__Exercise instructions__
Leaving all pictures aside, copy exactly the lines from the start of the listing below through the line that contains "- 【Perfect Egg", and only those lines.

__Supplied information__

┄┄┄┄┄┄

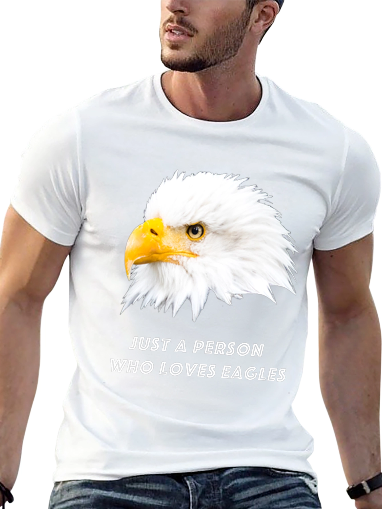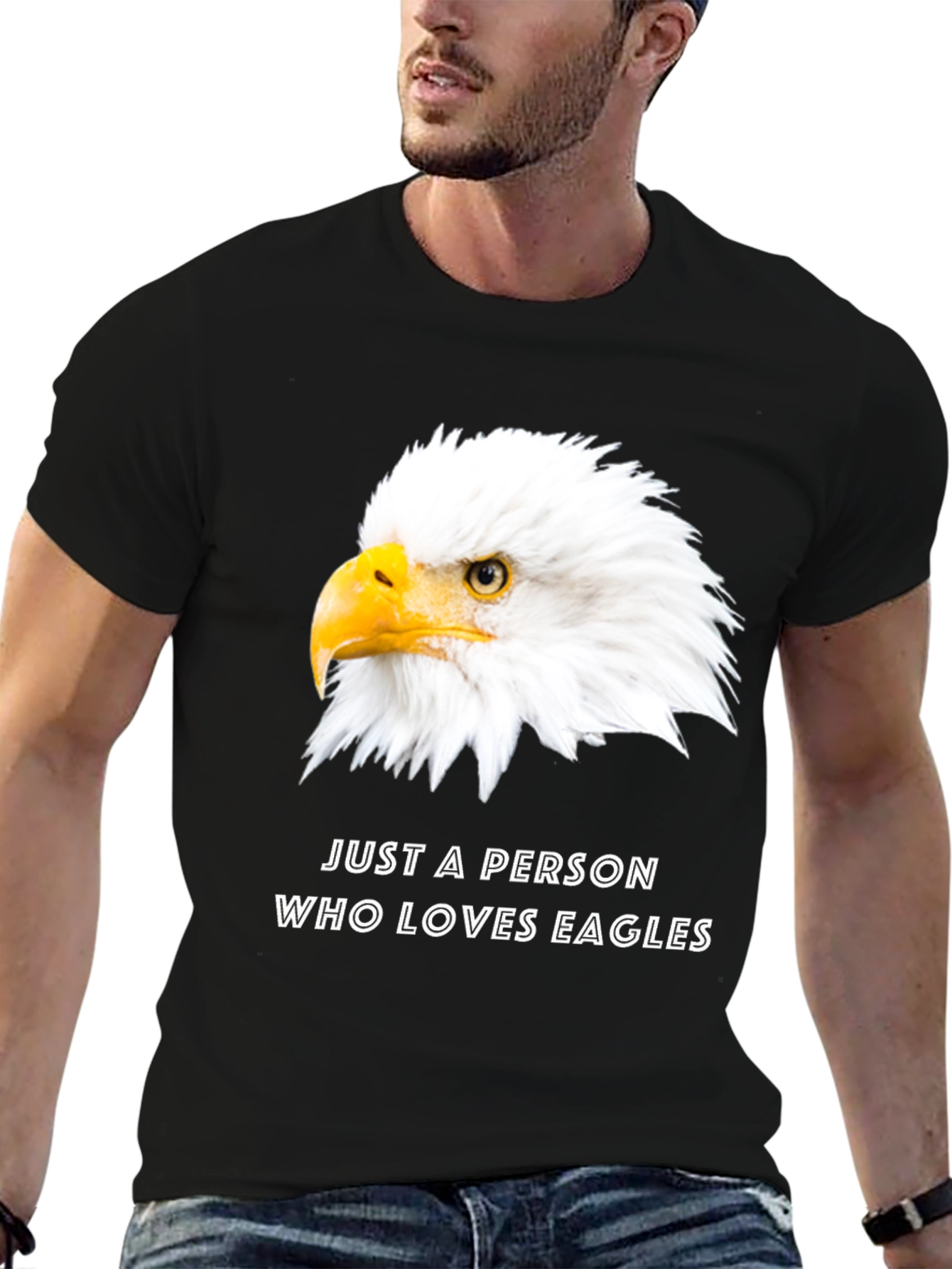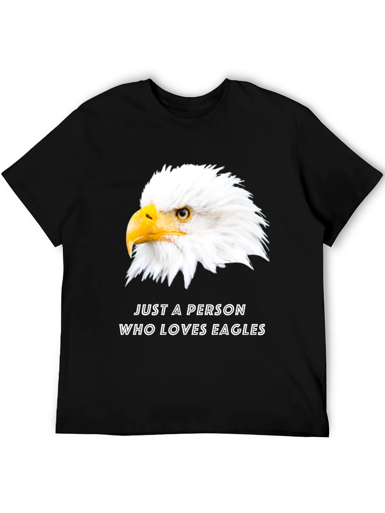 Demuestra tu amor por las águilas con esta camiseta negra de manga corta. Presenta una imagen llamativa de la cabeza de un águila calva en el frente, acompañada del texto "JUST A PERSON WHO LOVES EAGLES". Fabricada con un material suave y cómodo, esta camiseta es perfecta para el uso diario y es ideal para cualquier amante de las aves rapaces. Su diseño clásico y su ajuste relajado la convierten en una prenda versátil para combinar con jeans, pantalones cortos o joggers. Muestra tu pasión por la naturaleza con esta camiseta única y original.
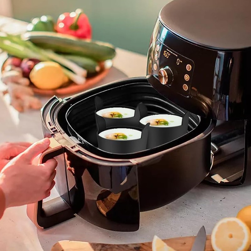 - 【Perfect Egg Poacher】Silicone egg poachers for air fryers are soft, flexible and non-stick, making it easy to remove food. 2 handles on both sides are easy to grip, withstand temperatures from -30°C/-22°F to 230℃/450°F, also suit for refrigerator, oven and microwave.
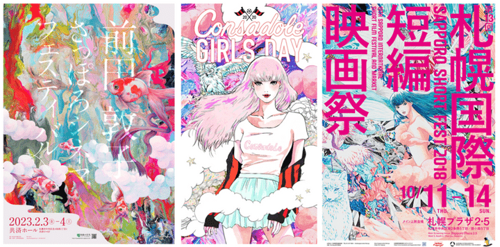 これまでにさまざまなポスタービジュアルや雑誌の挿絵等を手掛けたほか、海外のアートフェスへの出典・個展の開催など精力的に活動しています。

┄┄┄┄┄┄

__Response to the exercise__
 Demuestra tu amor por las águilas con esta camiseta negra de manga corta. Presenta una imagen llamativa de la cabeza de un águila calva en el frente, acompañada del texto "JUST A PERSON WHO LOVES EAGLES". Fabricada con un material suave y cómodo, esta camiseta es perfecta para el uso diario y es ideal para cualquier amante de las aves rapaces. Su diseño clásico y su ajuste relajado la convierten en una prenda versátil para combinar con jeans, pantalones cortos o joggers. Muestra tu pasión por la naturaleza con esta camiseta única y original.
 - 【Perfect Egg Poacher】Silicone egg poachers for air fryers are soft, flexible and non-stick, making it easy to remove food. 2 handles on both sides are easy to grip, withstand temperatures from -30°C/-22°F to 230℃/450°F, also suit for refrigerator, oven and microwave.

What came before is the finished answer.